What this task involves:
Given the records below, the lines starting at the line with "Gạch lát cầu" and ending at the line with "Howard A. Howe" should be output exactly, both end lines kept and pictures left out.

Input records:
>>>

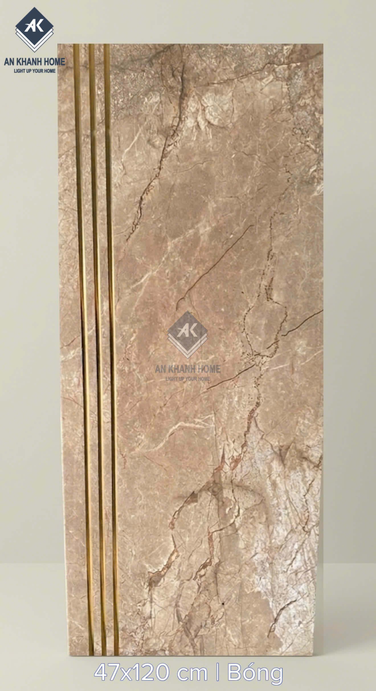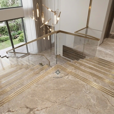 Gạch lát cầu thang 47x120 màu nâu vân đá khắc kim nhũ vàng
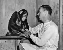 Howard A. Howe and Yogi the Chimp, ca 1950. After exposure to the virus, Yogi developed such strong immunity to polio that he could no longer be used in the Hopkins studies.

<<<
>>>

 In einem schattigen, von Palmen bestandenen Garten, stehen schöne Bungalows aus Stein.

<<<
>>>

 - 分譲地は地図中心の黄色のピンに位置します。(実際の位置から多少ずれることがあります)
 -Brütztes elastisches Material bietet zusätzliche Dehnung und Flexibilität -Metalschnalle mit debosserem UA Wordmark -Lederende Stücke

<<<

Answer area:
 Gạch lát cầu thang 47x120 màu nâu vân đá khắc kim nhũ vàng
 Howard A. Howe and Yogi the Chimp, ca 1950. After exposure to the virus, Yogi developed such strong immunity to polio that he could no longer be used in the Hopkins studies.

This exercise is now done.